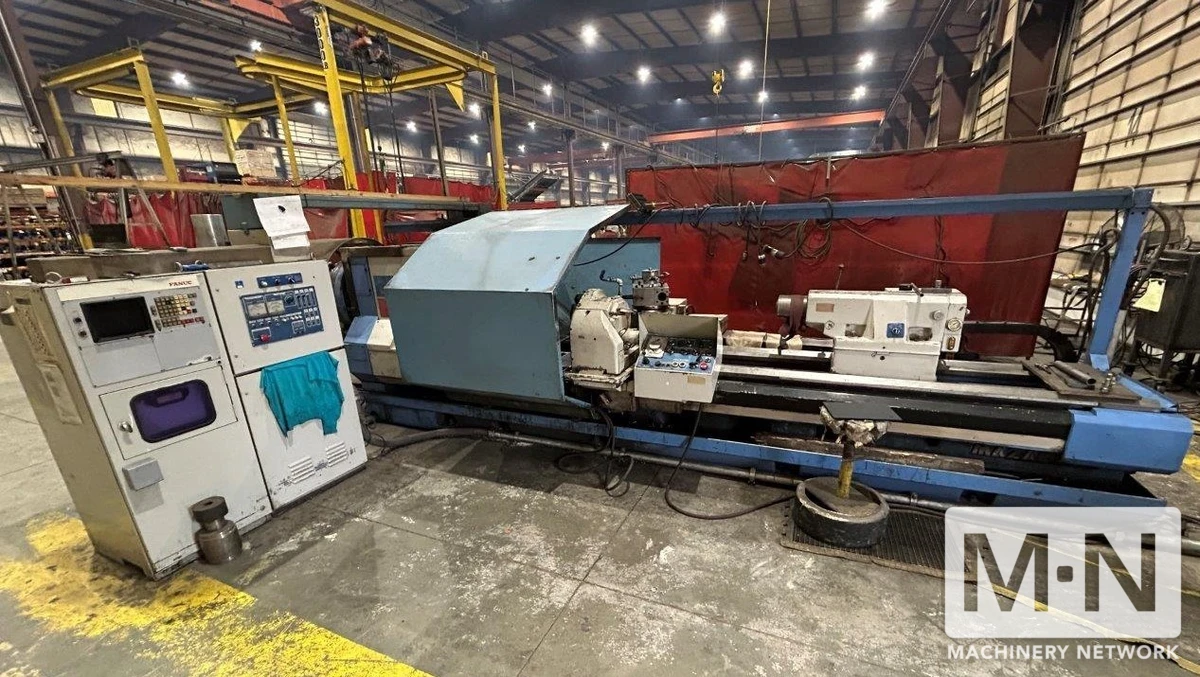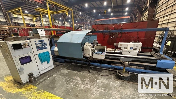 For sale: 1981 MAZAK Powermaster CNC Lathe, 34" swing, 9.5" spindle bore. Powerful 60 hp motor, max 1200 RPM. Reliable performance for your machining needs. Used condition.
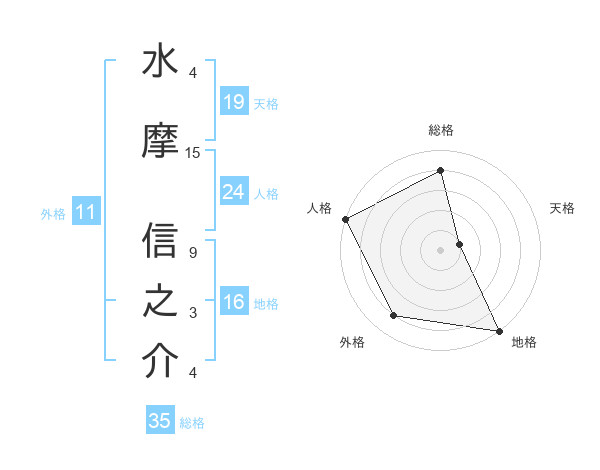 水摩 信之介さんを姓名の画数から五運を鑑定
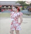 Set 2 ชุด งานผ้าทอลายดอกไม้สีแดง เสื้อแขนตุ๊กตา แต่งดีเทลโบว์ด้านหน้า
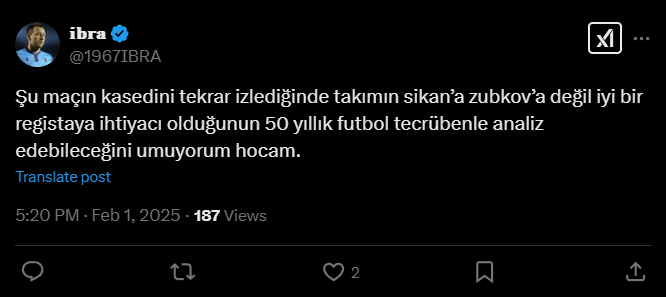 IBRA: «Надеюсь, что после того, как пересмотришь запись этого матча, с 50-летним опытом в футболе ты сможешь проанализировать, что команде не нужны Сикан и Зубков, а нужен хороший полузащитник».
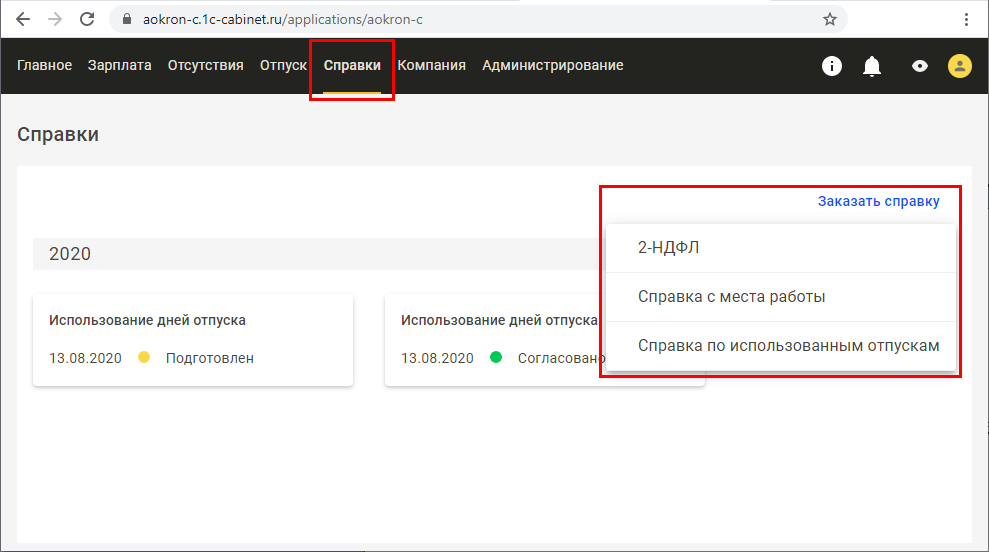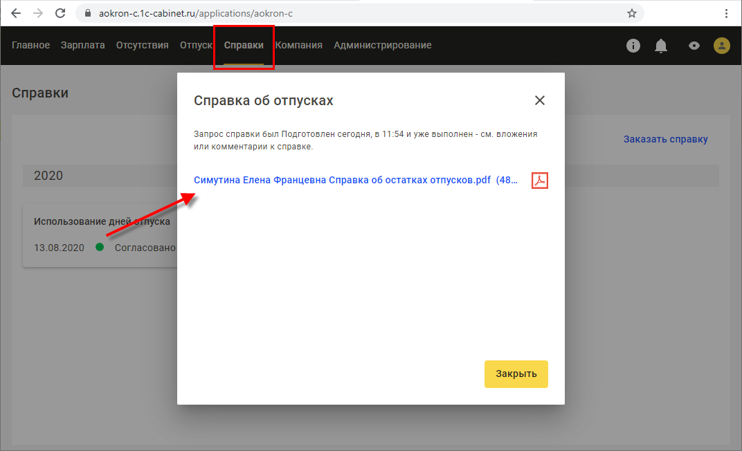 Сотрудник увидит запрошенную справку в разделах Отпуск и Справки своего кабинета.
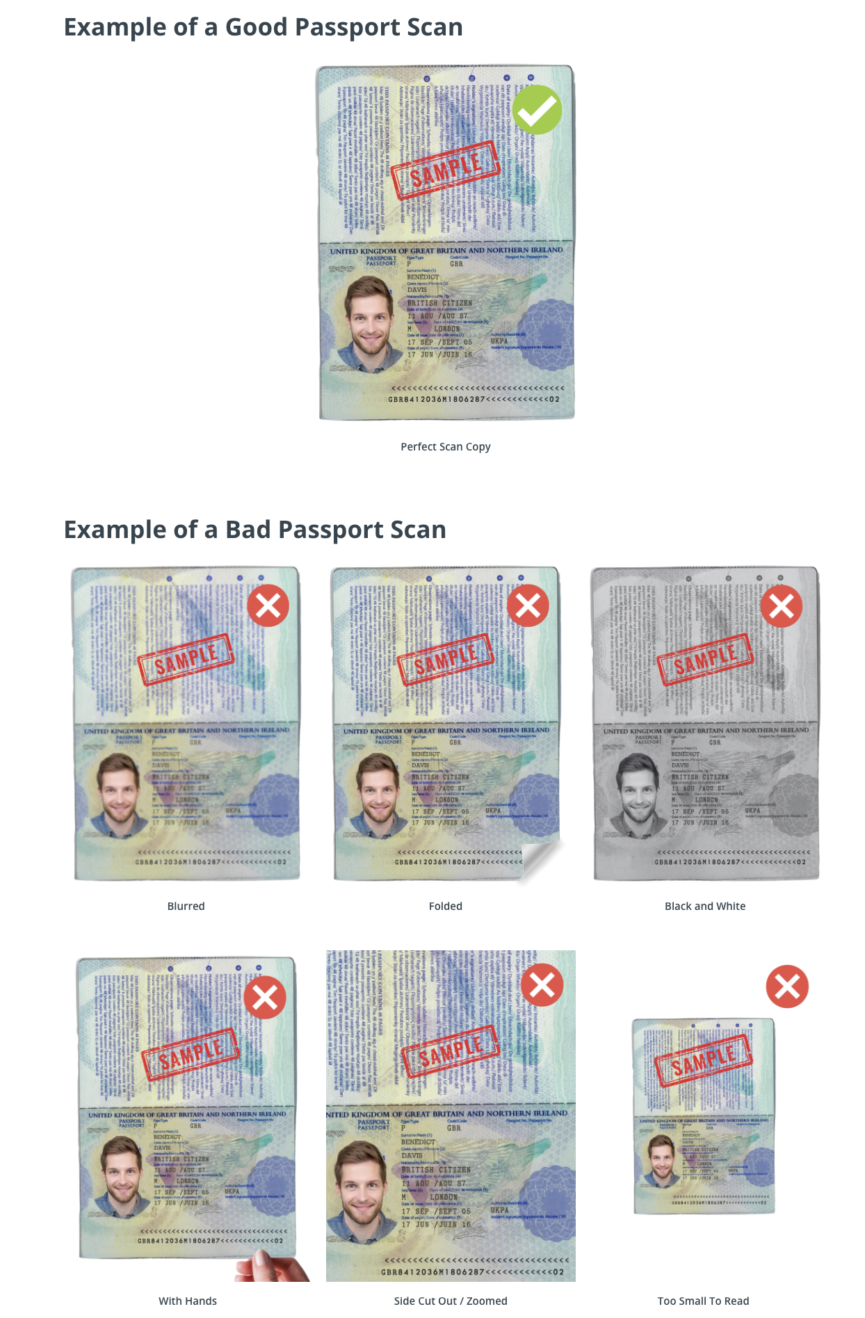 ❌ Part of the passport page cut off (make sure the whole page is visible).

::::::::::

◆ Instructions for the task: Keep every word of the material exactly as given. Drop the pictures.

◆ Written answer:
 For sale: 1981 MAZAK Powermaster CNC Lathe, 34" swing, 9.5" spindle bore. Powerful 60 hp motor, max 1200 RPM. Reliable performance for your machining needs. Used condition.
 水摩 信之介さんを姓名の画数から五運を鑑定
 Set 2 ชุด งานผ้าทอลายดอกไม้สีแดง เสื้อแขนตุ๊กตา แต่งดีเทลโบว์ด้านหน้า
 IBRA: «Надеюсь, что после того, как пересмотришь запись этого матча, с 50-летним опытом в футболе ты сможешь проанализировать, что команде не нужны Сикан и Зубков, а нужен хороший полузащитник».
 Сотрудник увидит запрошенную справку в разделах Отпуск и Справки своего кабинета.
 ❌ Part of the passport page cut off (make sure the whole page is visible).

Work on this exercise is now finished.